Oppsite to get_charged_frag_types.

Parameters:

charged_frag_type (str) – e.g. ‘y_z1’, ‘b_modloss_z1’

Returns:

str. Fragment type, e.g. ‘b’,’y’

int. Charge state

Return type:

tuple

alphabase.peptide.fragment.parse_fragment(frag_directions: ndarray, frag_start_idxes: ndarray, frag_stop_idxes: ndarray, top_k: int, intensities: ndarray, number_of_fragment_types: int) Tuple[ndarray, ndarray, ndarray][source][source]#

Parse fragments to get fragment numbers, fragment positions and not top k excluded indices in one hit faster than doing each operation individually, and makes the most of the operations that are done in parallel.

Parameters:
  • frag_directions (np.ndarray) – directions of fragments for each peptide

  • frag_start_idxes (np.ndarray) – start indices of fragments for each peptide

  • frag_stop_idxes (np.ndarray) – stop indices of fragments for each peptide

  • top_k (int) – top k highest peaks to keep

  • intensities (np.ndarray) – Flattened fragment intensities

  • number_of_fragment_types (int) – number of types of fragments (e.g. b,y,b_modloss,y_modloss, …) equals to the number of columns in fragment mz dataframe

Returns:

Tuple of fragment numbers, fragment positions and not top k excluded indices

Return type:

Tuple[np.ndarray, np.ndarray, np.ndarray]
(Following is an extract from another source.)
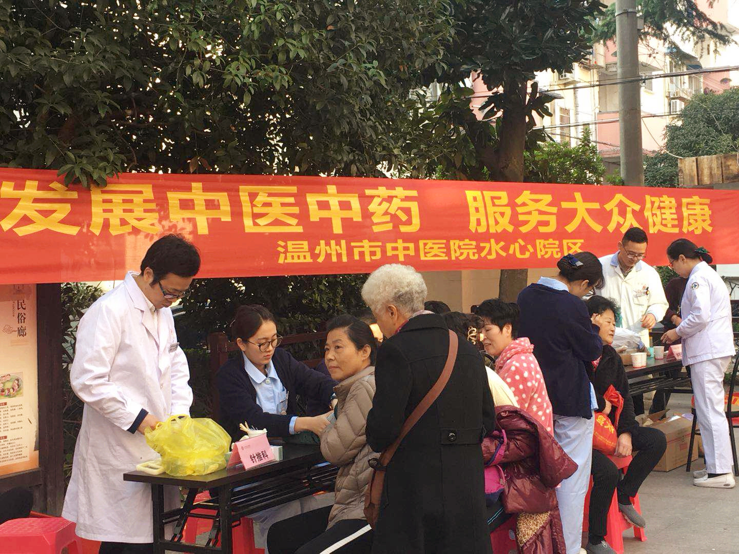 12月4日上午,我院水心院区组织医疗小分队来到菱藕社区文化广场,以“发展中医中药 服务大众健康”为主题,开展中医药宣传和义诊活动。

alphabase.peptide.fragment.remove_unused_fragments(precursor_df: DataFrame, fragment_df_list: Tuple[DataFrame, ...], frag_start_col: str = 'frag_start_idx', frag_stop_col: str = 'frag_stop_idx') Tuple[DataFrame, Tuple[DataFrame, ...]][source][source]#

Removes unused fragments of removed precursors, reannotates the frag_start_col and frag_stop_col

Parameters:
  • precursor_df (pd.DataFrame) – Precursor dataframe which contains frag_start_idx and frag_stop_idx columns

  • fragment_df_list (List[pd.DataFrame]) – A list of fragment dataframes which should be compressed by removing unused fragments. Multiple fragment dataframes can be provided which will all be sliced in the same way. This allows to slice both the fragment_mz_df and fragment_intensity_df. At least one fragment dataframe needs to be provided.

  • frag_start_col (str, optional) – Fragment start idx column in precursor_df, such as “frag_start_idx” and “peak_start_idx”. Defaults to “frag_start_idx”.
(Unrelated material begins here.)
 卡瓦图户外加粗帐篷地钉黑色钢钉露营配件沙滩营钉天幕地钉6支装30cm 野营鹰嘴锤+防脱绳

  • frag_stop_col (str, optional) – Fragment stop idx column in precursor_df, such as “frag_stop_idx” and “peak_stop_idx”. Defaults to “frag_stop_idx”.

Returns:

returns the reindexed precursor DataFrame and the sliced fragment DataFrames

Return type:

pd.DataFrame, List[pd.DataFrame]

alphabase.peptide.fragment.update_sliced_fragment_dataframe(fragment_df: DataFrame, fragment_df_vals: ndarray, values: ndarray, frag_start_end_list: List[Tuple[int, int]], charged_frag_types: List[str] = None)[source][source]#

Set the values of the slices frag_start_end_list=[(start,end),(start,end),…] of fragment_df.

Parameters:
  • fragment_df (pd.DataFrame) – fragment dataframe to set the values

  • fragment_df_vals (np.ndarray) – The fragment_df.to_numpy(copy=True), to prevent readonly assignment.

  • values (np.ndarray) – values to set

  • frag_start_end_list (List[Tuple[int,int]]) – e.g. [(start,end),(start,end),…]

  • charged_frag_types (List[str], optional) – e.g. [‘b_z1’,’b_z2’,’y_z1’,’y_z2’]. If None, the columns of values should be the same as fragment_df’s columns. It is much faster if charged_frag_types is None as we use numpy slicing, otherwise we use pd.loc (much slower). Defaults to None.